STD-Trees: Spatio-temporal Deformable Trees for Multirotors Kinodynamic Planning

TL;DR

This paper introduces STD-Trees, a novel method that enhances multirotor kinodynamic planning by locally deforming trajectory trees in space and time, significantly improving convergence speed.

Contribution

It proposes a new spatio-temporal deformation approach for trajectory trees that accelerates convergence in kinodynamic planning for multirotors.

Findings

Spatio-temporal deformation improves convergence speed.

Compatible with various RRT-based methods.
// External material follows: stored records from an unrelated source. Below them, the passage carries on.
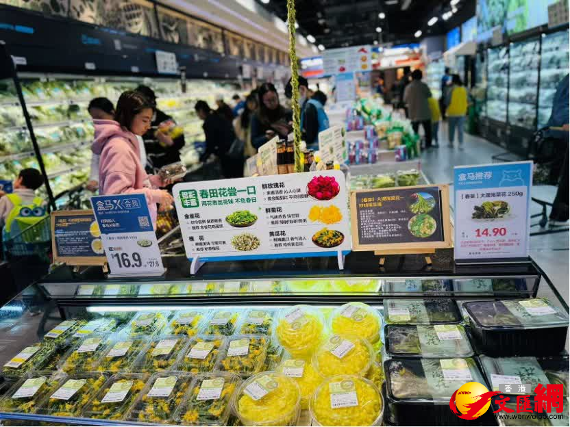 以往,可食用菊花多用於高端餐飲擺盤或傳統藥膳,而廣東中山小欖鎮經過十年品種改良培育出的「糖心菊」,因花芯糖分富集、口感清甜,直接生食也毫無苦澀感,成功打入大眾消費市場。盒馬廣東區域採購負責人蘇香表示,中山菊花通過盒馬渠道首次進入零售市場,並覆蓋全國門店,上市僅一周便售罄,復購率位居春菜品類前列,其中香港消費者的購買佔比顯著提升。
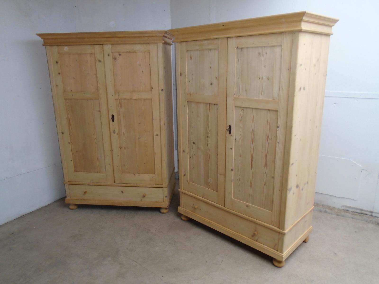 A Pair of Classic Panelled Antique / Old Pine Knockdown Wardrobes to Wax / Paint
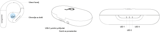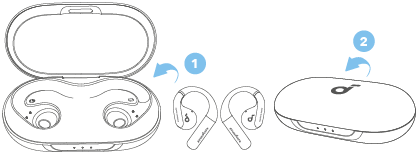 Ko s slušalk odstranite izolacijske nalepke, slušalke vrnite v polnilno torbico in pritisnite gumb za ponastavitev, da vklopite povezovanje Bluetooth. Povežete se lahko tudi tako, da zaprete in ponovno odprete pokrov torbice, ko so slušalke spet v torbici. Slušalke se bodo ob prvi povezavi samodejno vklopile in vstopile v način povezovanja Bluetooth. Za povezavo izberite »soundcore AeroFit« na seznamu Bluetooth vaše naprave. Pri povezovanju se začnejo kazalniki LED na polnilni torbici pomikati. Po uspešnem povezovanju kazalniki LED v polnilni torbici svetijo 2 sekundi in se ugasnejo.

Outperforms spatial-only deformation in experiments.

Abstract

In constrained solution spaces with a huge number of homotopy classes, stand-alone sampling-based kinodynamic planners suffer low efficiency in convergence. Local optimization is integrated to alleviate this problem. In this paper, we propose to thrive the trajectory tree growing by optimizing the tree in the forms of deformation units, and each unit contains one tree node and all the edges connecting it. The deformation proceeds both spatially and temporally by optimizing the node state and edge time durations efficiently. The unit only changes the tree locally yet improves the overall quality of a corresponding sub-tree. Further, variants to deform different tree parts considering the computation burden and optimizing level are studied and compared, all showing much faster convergence. The proposed deformation is compatible with different RRT-based kinodynamic planning methods, and numerical experiments show that integrating the spatio-temporal deformation greatly accelerates the convergence and outperforms the spatial-only deformation.